● Problem to solve: Start at the line with "女性の手になじむ小さ目サイズのご飯茶碗です。 美味しくご飯を食べて健康に! ダイエット茶碗とも言われています。" in the records below, stop at the line with "판교테크노밸리는 판교 택지개발사업의", and return every line in that span exactly, the two end lines included.

● Data for analysis:
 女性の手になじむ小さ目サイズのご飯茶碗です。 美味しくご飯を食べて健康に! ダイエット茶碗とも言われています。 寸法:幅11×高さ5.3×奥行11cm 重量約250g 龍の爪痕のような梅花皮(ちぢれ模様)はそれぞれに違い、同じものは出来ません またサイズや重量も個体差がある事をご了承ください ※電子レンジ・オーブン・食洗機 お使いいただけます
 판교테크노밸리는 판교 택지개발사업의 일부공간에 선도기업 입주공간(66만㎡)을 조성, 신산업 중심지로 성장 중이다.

...

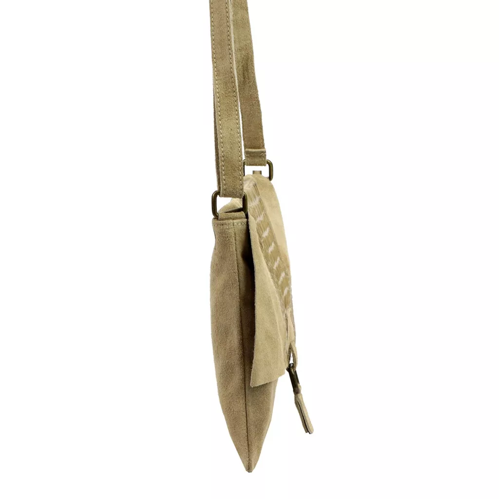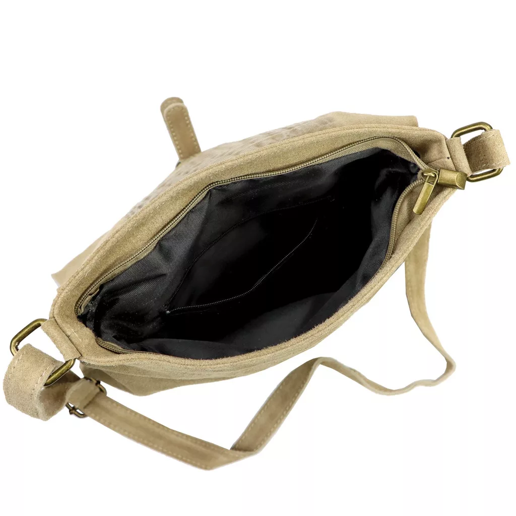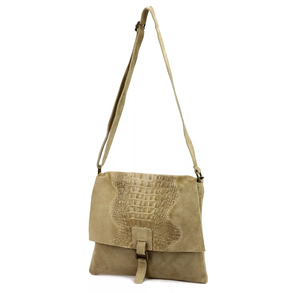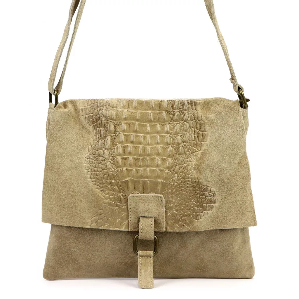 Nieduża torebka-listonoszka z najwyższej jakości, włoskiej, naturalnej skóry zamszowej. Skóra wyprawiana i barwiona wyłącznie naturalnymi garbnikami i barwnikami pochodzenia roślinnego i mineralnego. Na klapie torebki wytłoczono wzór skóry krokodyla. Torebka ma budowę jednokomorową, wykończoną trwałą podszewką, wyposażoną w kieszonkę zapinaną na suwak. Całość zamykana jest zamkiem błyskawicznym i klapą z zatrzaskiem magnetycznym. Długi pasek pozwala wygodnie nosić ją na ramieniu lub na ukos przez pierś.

--

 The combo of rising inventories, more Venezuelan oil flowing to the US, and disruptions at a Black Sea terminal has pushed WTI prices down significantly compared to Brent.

● Answer to this exercise:
 女性の手になじむ小さ目サイズのご飯茶碗です。 美味しくご飯を食べて健康に! ダイエット茶碗とも言われています。 寸法:幅11×高さ5.3×奥行11cm 重量約250g 龍の爪痕のような梅花皮(ちぢれ模様)はそれぞれに違い、同じものは出来ません またサイズや重量も個体差がある事をご了承ください ※電子レンジ・オーブン・食洗機 お使いいただけます
 판교테크노밸리는 판교 택지개발사업의 일부공간에 선도기업 입주공간(66만㎡)을 조성, 신산업 중심지로 성장 중이다.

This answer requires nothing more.